» Requirement: Beginning at the line that contains "经四议两公开的方式一致取得党", output each line exactly through the end of the records, and drop any pictures.

Excerpted data below:

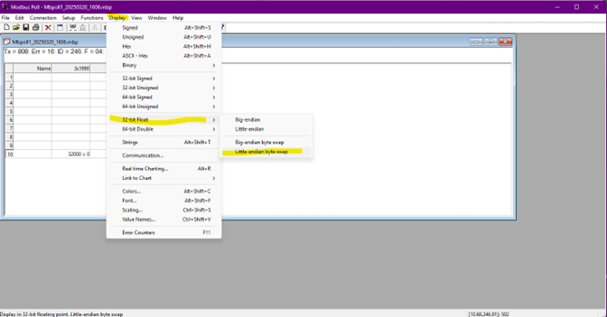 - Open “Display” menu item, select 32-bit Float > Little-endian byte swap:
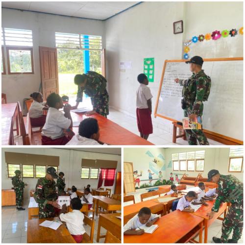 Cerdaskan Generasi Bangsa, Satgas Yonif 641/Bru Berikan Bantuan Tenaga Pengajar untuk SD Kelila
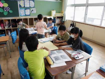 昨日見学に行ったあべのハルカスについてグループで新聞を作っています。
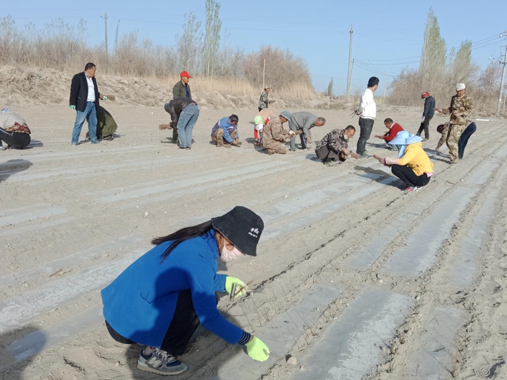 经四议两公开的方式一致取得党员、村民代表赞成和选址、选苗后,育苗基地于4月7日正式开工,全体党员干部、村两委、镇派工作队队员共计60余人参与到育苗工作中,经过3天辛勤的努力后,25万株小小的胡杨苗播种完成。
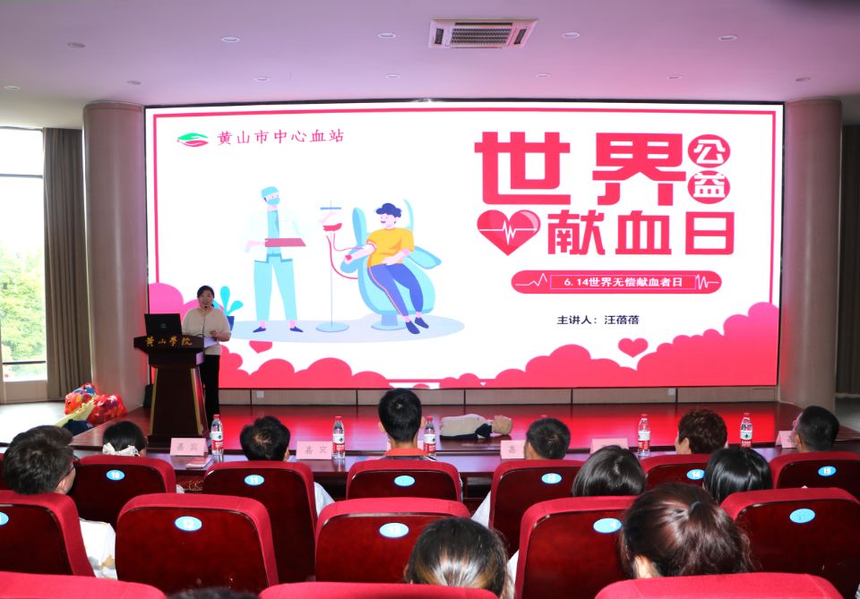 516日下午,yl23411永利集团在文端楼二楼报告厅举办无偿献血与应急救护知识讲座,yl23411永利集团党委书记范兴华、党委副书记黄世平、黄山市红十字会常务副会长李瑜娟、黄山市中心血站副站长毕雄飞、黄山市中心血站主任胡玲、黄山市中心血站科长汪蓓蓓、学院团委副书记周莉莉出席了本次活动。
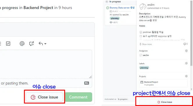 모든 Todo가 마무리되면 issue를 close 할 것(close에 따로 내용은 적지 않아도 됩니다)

End of Excerpted data.

» Exercise output:
 经四议两公开的方式一致取得党员、村民代表赞成和选址、选苗后,育苗基地于4月7日正式开工,全体党员干部、村两委、镇派工作队队员共计60余人参与到育苗工作中,经过3天辛勤的努力后,25万株小小的胡杨苗播种完成。
 516日下午,yl23411永利集团在文端楼二楼报告厅举办无偿献血与应急救护知识讲座,yl23411永利集团党委书记范兴华、党委副书记黄世平、黄山市红十字会常务副会长李瑜娟、黄山市中心血站副站长毕雄飞、黄山市中心血站主任胡玲、黄山市中心血站科长汪蓓蓓、学院团委副书记周莉莉出席了本次活动。
 모든 Todo가 마무리되면 issue를 close 할 것(close에 따로 내용은 적지 않아도 됩니다)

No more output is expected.